Storied Collections in Ward County: Cook car from 1920s sparks memories of threshing days

Submitted Photo A cook car from the 1920s, donated last fall to the Ward County Historical Society, is on display at Pioneer Village Museum.
This past fall, Pioneer Village Museum received a donation of a threshing crew’s cook car originally used in the 1920s. The cook car’s history is centered around a Lansford area farming family by the name of Milkey.
Hank Milkey and his brother, Mike Milkey Sr. decided to offer crop threshing services in the Lansford area. Running gear was ordered, consisting of a large wagon type frame with steel wheels. The brothers built a pitched roof on a large box with a door on one end that became a familiar sight as their cook car, providing meals and a place of respite on hot harvesting days.
The brothers married sisters, Hazel and Hilda, with a third sister, Nellie, hired to do the cooking for the crew. The crew generally consisted of 6-8 men. A threshing crew component consisted of a large steam engine that powered a threshing machine that separated straw and chaff from the seeds of the crop, such as wheat or oats.
Horse drawn bundle wagons brought shocked, bundled grain to the threshing machine and grain wagons pulled by horses hauled the grain away to the place the landowner wanted the grain stored or sold. A cook car for meal preparations and a bunkhouse, all on wheels, completed the threshing crew.
Times were not always abundant in the ’20s and ’30s so Nellie would sometimes make a tomato soup for the crew using just ketchup and water. Nellie also was known to make tent sandwiches by cutting the sandwich bread diagonally and setting the four slices on their crust thereby resembling little tents on the plate.

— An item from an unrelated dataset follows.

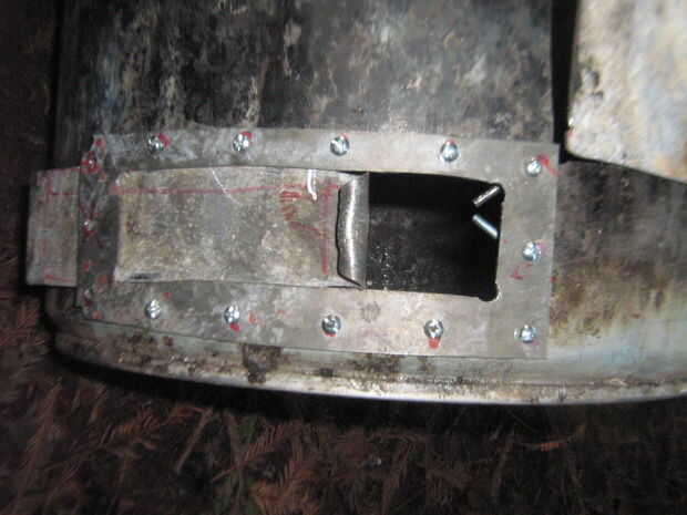 También pre-cabe la puerta de alimentación. Lo hice de la misma manera, pero hice una bisagra en un momento. Te darás cuenta estos tornillos no se cortan en mi pis, como espero ajustarlas después de usar y luego recortarlo. En la puerta, perforó la bisagra apropiada colocación de agujeros y que ponga la cabeza del tornillo en el interior de la puerta. Esto es para eliminar tanto espacio/espacio como usted que puede. Atornillar la bisagra en la puerta. Luego revisar nuevamente el espacio para el accesorio al recipiente. Marcado y perforado y dedo apretado los tornillos, esta vez con la cabeza fuera. Mismo proceso de la segunda bisagra. Que ajusta perfectamente porque medido y construido que es uno mismo. Un buen consejo al construir cosas tontas como esta.
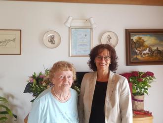 Zum 90. Geburtstag wird selbstverständlich noch durch Bürgermeisterin Renate Schön persönlich gratuliert und so konnte zum Beispiel Elisabeth Kistler, Ehefrau unseres verstorbenen Ehrenbürgers Hermann Kistler, im Juli die Gratulation und Glückwünsche entgegen nehmen.

Sometime in the 1950s, with combines becoming more available, the Milkey Threshing Crew ceased hiring out for threshing of crops. The cook car was parked on Mike Sr.’s land and in 1961 Harold and Marilyn Sauer, of Lansford, bought that land from Mike.
The cook car was moved to Mike Milkey Sr.’s son Jimmy Milkey’s place. Nellie, who never married, would spend a number of summers living out of the cook car, now having been converted into living quarters. The cook car sat by a machine shed hooked up to electricity for a refrigerator and lights.

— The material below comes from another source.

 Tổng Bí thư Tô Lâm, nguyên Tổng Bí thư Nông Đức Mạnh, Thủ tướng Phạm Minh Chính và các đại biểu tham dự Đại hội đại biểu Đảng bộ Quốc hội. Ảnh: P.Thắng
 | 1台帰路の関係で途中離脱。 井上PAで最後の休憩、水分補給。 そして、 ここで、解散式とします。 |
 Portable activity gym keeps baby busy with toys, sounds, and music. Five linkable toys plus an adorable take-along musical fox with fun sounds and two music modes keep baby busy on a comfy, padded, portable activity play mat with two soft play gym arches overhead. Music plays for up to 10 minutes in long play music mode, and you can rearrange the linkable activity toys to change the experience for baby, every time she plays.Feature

In 1969, Richard Walker, a Milkey son-in-law, became the caretaker of the former cook car. The roof was redone and the cook car became more of a playhouse for his daughter, Wendy, and son, Rod. There was a time when the cook car was used also for hosting informal parties, where couples were invited to spend an evening socializing with their favorite desserts brought as part of the activities.
The Ward County Historical Society thanks Rod Walker for donating this cook car to Pioneer Village Museum. It is nestled among our other buildings and displays various artifacts for you to enjoy and possibly reminisce about the bygone era of threshing.